_WORK TO BE COMPLETED_
Begin your transcription at the line containing "馬斯克隨后表示,點(diǎn" and continue it, word for word, to the final line below. Include only those lines and skip the pictures.

Dataset entries:
□ □ □ □
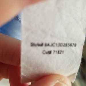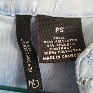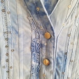 New Directions Petite - Blue with Sequins Sleeveless Blouse. Has mock collar and 3 silver buttons down front. In very good condition, gently used.
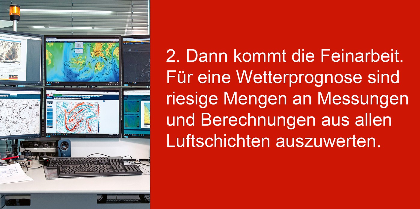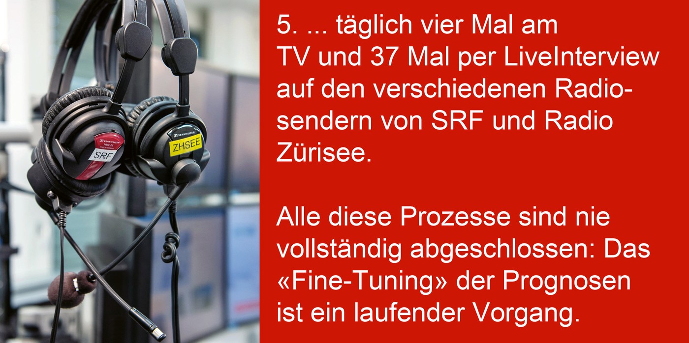 Die Wettermodelle sind die Basis jeder Prognose. Sie sind in den letzten Jahrzehnten immer feinmaschiger geworden. «Will jemand beispielsweise auf den Titlis, können wir ihm heutzutage sehr detaillierte Prognosen liefern», sagt Bucheli. Für die Live-Sendungen müssen die Wettermacher aber trotzdem zusammenfassen, und zwar so, dass sich der Walliser in der Sendung genauso wiederfindet wie die Baslerin. Am Ende der Sendung bleibt immer auch Zeit für einen persönlich gefärbten Input: Christoph Siegrist, Sabine Balmer und Thomas Bucheli erklären gerne meteorologische Phänomene, Jan Eitel ist Spezialist für Winde, während Sandra Boner das Wetter bevorzugt mit gesellschaftlichen oder landwirtschaftlichen Aspekten verknüpft. «Als Einzige unter uns habe ich kein naturwissenschaftliches Studium absolviert und sehe mich daher eher für die praktischen Dinge zuständig», sagt Boner. Wiederum andere Akzente setzen die Umweltwissenschaftlerin Nicole Glaus, der Physiker Ivo Sonderegger und überhaupt das ganze Team von SRF Meteo am Radio und am TV. Auch «private» Kompetenzen fliessen immer mal wieder in die Prognosen ein, sei es von den Sportfreaks Felix Blumer und Gaudenz Flury oder vom Hobby-Winzer Jürg Zogg. All diese unterschiedlichen Hintergründe sind gewünscht. Jeder setzt einen etwas anderen Schwerpunkt – und das bietet dem Publikum zusätzlichen Mehrwert. Eines haben die SRF-Meteo-Leute alle gemein: ihre grosse Leidenschaft für das Wetter.
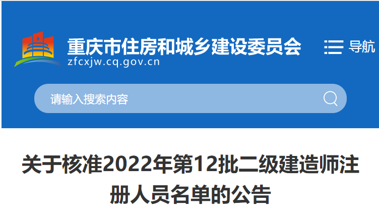 重慶關(guān)于核準(zhǔn)2022年第12批二級建造師注冊人員名單的公告
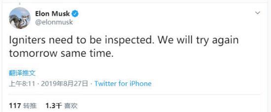 馬斯克隨后表示,點(diǎn)火器需要進(jìn)行檢查,將于明日再次進(jìn)行懸停測試。
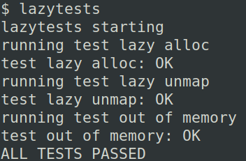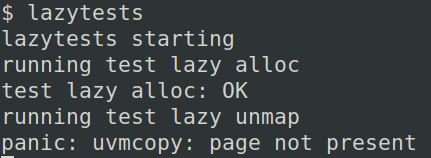usertrap中完成相应的解决方案void usertrap(void) { //... } else if (r_scause() == 15 || r_scause() == 13) { if (r_stval() >= p->sz || r_stval() <= p->trapframe->sp) { p->killed = 1; } else { uint64 va = PGROUNDDOWN(r_stval()); uint64 pa = (uint64)kalloc(); if (pa == 0) { p->killed = 1; } else { memset((void *)pa, 0, PGSIZE); if (mappages(p->pagetable, va, PGSIZE, pa, PTE_W | PTE_R | PTE_U) != 0) { kfree((void *)pa); p->killed = 1; } } } } else { //... }我们来运行一下:
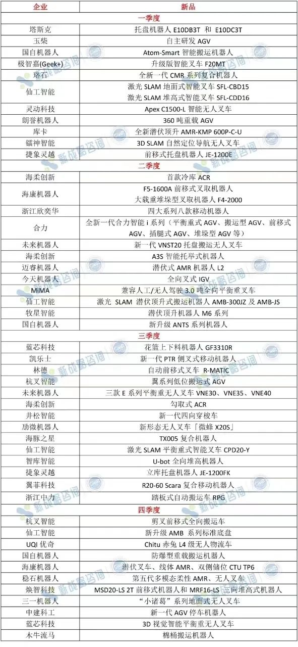 表:2023年AGV/AMR行業新產品(根據公開信息整理,如有未完善之處,請指正?。?/span>
□ □ □ □
_EXPECTED OUTPUT_
 馬斯克隨后表示,點(diǎn)火器需要進(jìn)行檢查,將于明日再次進(jìn)行懸停測試。
usertrap中完成相应的解决方案void usertrap(void) { //... } else if (r_scause() == 15 || r_scause() == 13) { if (r_stval() >= p->sz || r_stval() <= p->trapframe->sp) { p->killed = 1; } else { uint64 va = PGROUNDDOWN(r_stval()); uint64 pa = (uint64)kalloc(); if (pa == 0) { p->killed = 1; } else { memset((void *)pa, 0, PGSIZE); if (mappages(p->pagetable, va, PGSIZE, pa, PTE_W | PTE_R | PTE_U) != 0) { kfree((void *)pa); p->killed = 1; } } } } else { //... }我们来运行一下:
 表:2023年AGV/AMR行業新產品(根據公開信息整理,如有未完善之處,請指正?。?/span>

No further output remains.